## [WHAT THE TASK REQUIRES]
Your task is to repeat exactly the lines below between the line holding "MARGARET LINEHAN Died: April" and the line holding "The player uses", inclusive, and only those.

## [DATA FOR THIS EXERCISE]
○ ○ ○ ○
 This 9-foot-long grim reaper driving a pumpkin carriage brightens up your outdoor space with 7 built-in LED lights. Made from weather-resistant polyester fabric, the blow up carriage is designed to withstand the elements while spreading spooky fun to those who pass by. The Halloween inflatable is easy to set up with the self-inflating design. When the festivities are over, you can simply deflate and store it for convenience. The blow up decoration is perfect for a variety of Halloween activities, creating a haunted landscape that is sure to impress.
○ ○ ○ ○
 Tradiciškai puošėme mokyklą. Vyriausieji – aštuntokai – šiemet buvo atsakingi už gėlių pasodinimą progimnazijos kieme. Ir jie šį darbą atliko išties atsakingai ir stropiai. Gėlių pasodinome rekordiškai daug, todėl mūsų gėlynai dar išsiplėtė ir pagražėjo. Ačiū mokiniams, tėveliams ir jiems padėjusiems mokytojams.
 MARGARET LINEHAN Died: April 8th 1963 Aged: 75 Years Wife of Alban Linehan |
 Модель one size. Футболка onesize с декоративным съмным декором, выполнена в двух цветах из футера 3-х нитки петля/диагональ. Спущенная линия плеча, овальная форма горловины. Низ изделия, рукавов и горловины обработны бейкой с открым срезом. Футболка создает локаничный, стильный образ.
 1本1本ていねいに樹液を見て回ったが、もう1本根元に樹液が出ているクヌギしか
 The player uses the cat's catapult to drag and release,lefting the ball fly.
○ ○ ○ ○
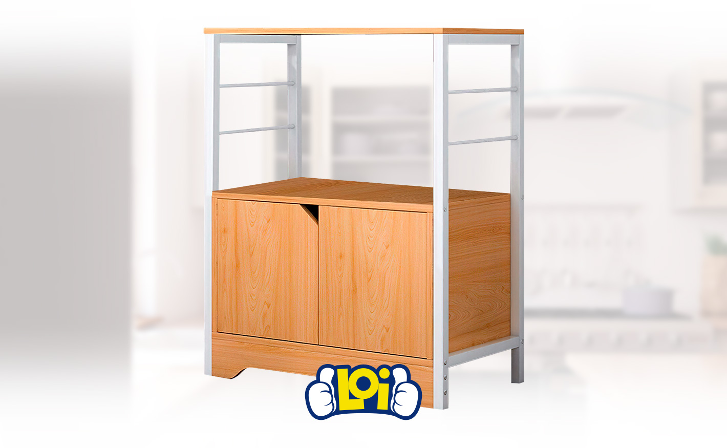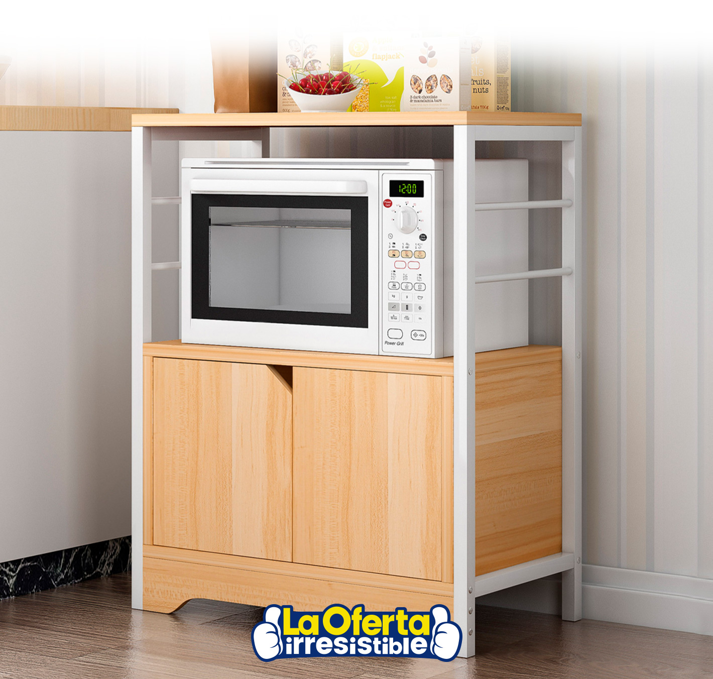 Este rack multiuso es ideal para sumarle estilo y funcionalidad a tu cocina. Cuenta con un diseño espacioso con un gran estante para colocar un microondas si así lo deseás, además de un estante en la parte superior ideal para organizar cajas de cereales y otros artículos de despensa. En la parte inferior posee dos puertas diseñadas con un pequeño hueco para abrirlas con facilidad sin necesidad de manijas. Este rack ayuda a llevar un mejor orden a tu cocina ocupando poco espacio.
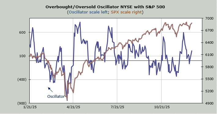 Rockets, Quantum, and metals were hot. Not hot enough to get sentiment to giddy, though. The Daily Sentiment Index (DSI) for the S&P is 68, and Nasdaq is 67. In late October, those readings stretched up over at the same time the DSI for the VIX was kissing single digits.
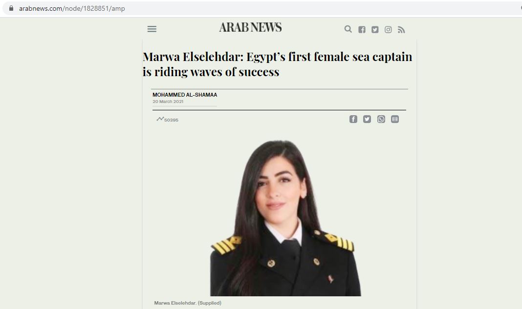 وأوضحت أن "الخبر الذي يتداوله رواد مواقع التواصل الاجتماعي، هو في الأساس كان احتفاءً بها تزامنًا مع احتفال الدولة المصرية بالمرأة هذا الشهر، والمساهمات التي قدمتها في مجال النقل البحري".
○ ○ ○ ○
## [EXERCISE RESPONSE]
 MARGARET LINEHAN Died: April 8th 1963 Aged: 75 Years Wife of Alban Linehan |
 Модель one size. Футболка onesize с декоративным съмным декором, выполнена в двух цветах из футера 3-х нитки петля/диагональ. Спущенная линия плеча, овальная форма горловины. Низ изделия, рукавов и горловины обработны бейкой с открым срезом. Футболка создает локаничный, стильный образ.
 1本1本ていねいに樹液を見て回ったが、もう1本根元に樹液が出ているクヌギしか
 The player uses the cat's catapult to drag and release,lefting the ball fly.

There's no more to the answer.